Sodium polysulfide is a general term for salts with the formula Na2Sx, where x = 2 to 5.  The species Sx2−, called polysulfide anions, include disulfide (S22−), trisulfide (S32−), tetrasulfide (S42−), and pentasulfide (S52−). In principle, but not in practice, the chain lengths could be longer. The salts are dark red solids that dissolve in water to give highly alkaline and corrosive solutions. In air, these salts oxidize, and they evolve hydrogen sulfide by hydrolysis.

Structure
The polysulfide anions form chains with S---S bond distances around 2 Å in length. The chains adopt skewed conformations.  In the solid state, these salts are dense solids with strong association of the sodium cations with the anionic termini of the chains.

Production and occurrence
Sodium polysulfide can be produced by dissolving sulfur in a solution of sodium sulfide.  Alternatively they are produced by the redox reaction of aqueous sodium hydroxide with sulfur at elevated temperatures.  Finally they arise by the reduction of elemental sulfur with sodium, a reaction often conducted in anhydrous ammonia.
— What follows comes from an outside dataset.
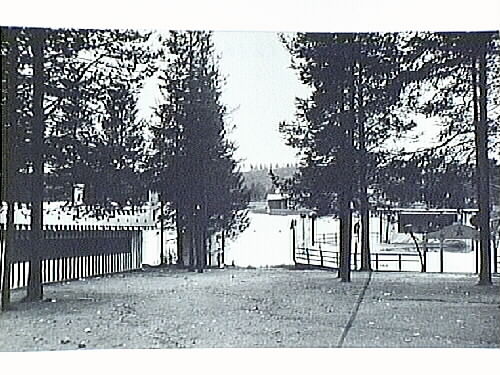 Nyborgstjärn. Dansbana och stånd, byggd 1913 av Arvidsjaurs Arbetarkommun. Riven 1957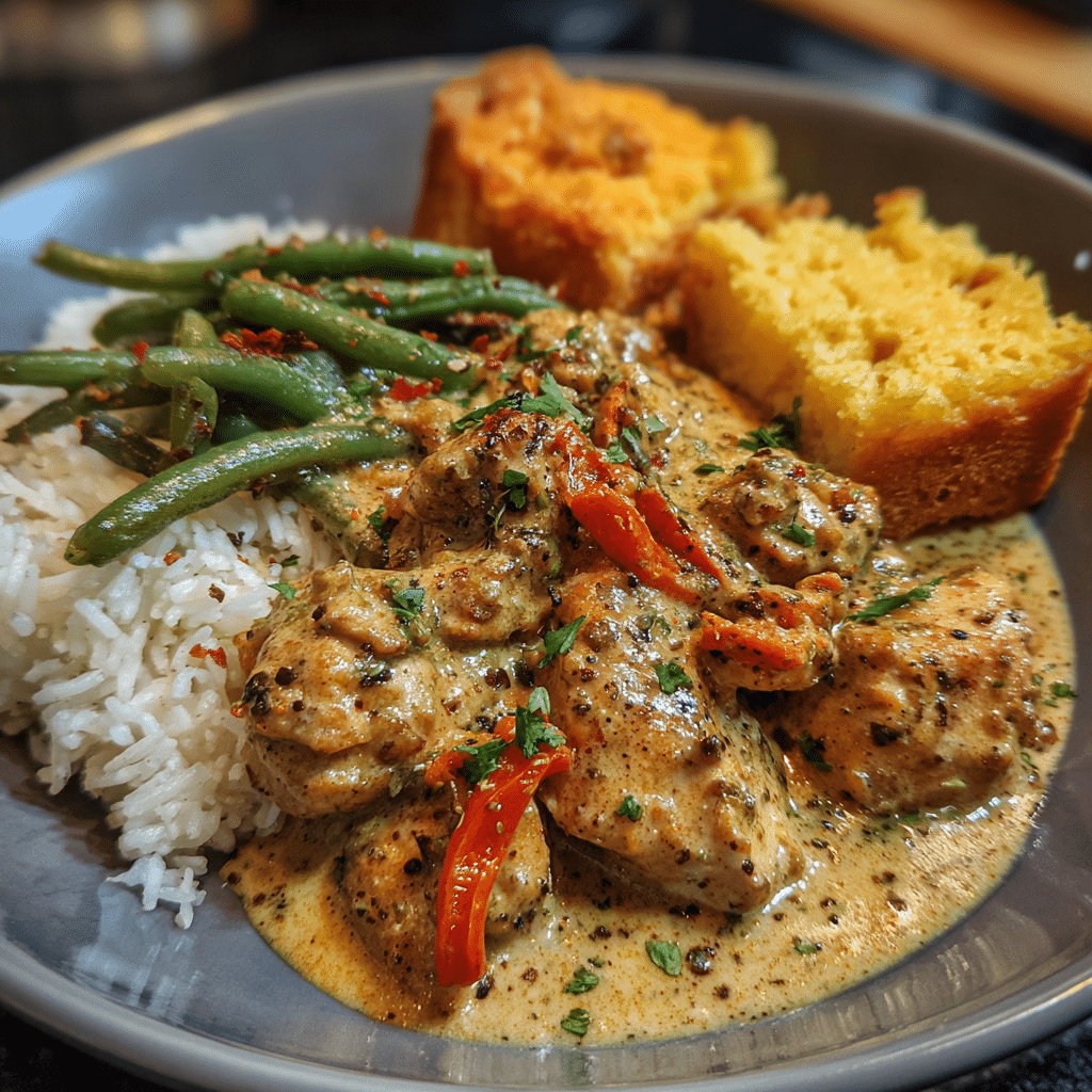 Tender chicken simmered in a rich and creamy black pepper sauce, served over fluffy rice with seasoned green beans and warm cornbread. A comforting Southern-inspired family dinner.

These salts are used in the production of polysulfide polymers, as a chemical fungicide, as a blackening agent on copper jewellery, as a component in a polysulfide bromide battery, as a toner in a photochemical solution, and in the tanning industry to remove hair from hides.

Reactions
As exploited in the sodium-sulfur battery, the polysulfides absorb and release reducing equivalents by breaking and making S-S bonds, respectively.  An idealized reaction for sodium tetrasulfide is shown:
Na2S4  +  2 Na      2 Na2S2

Alkylation gives organic polysulfides according to the following idealized equation:
Na2S4  +  2 RX   →   2 NaX  +  R2S4
Alkylation with an organic dihalide gives polymers called thiokols.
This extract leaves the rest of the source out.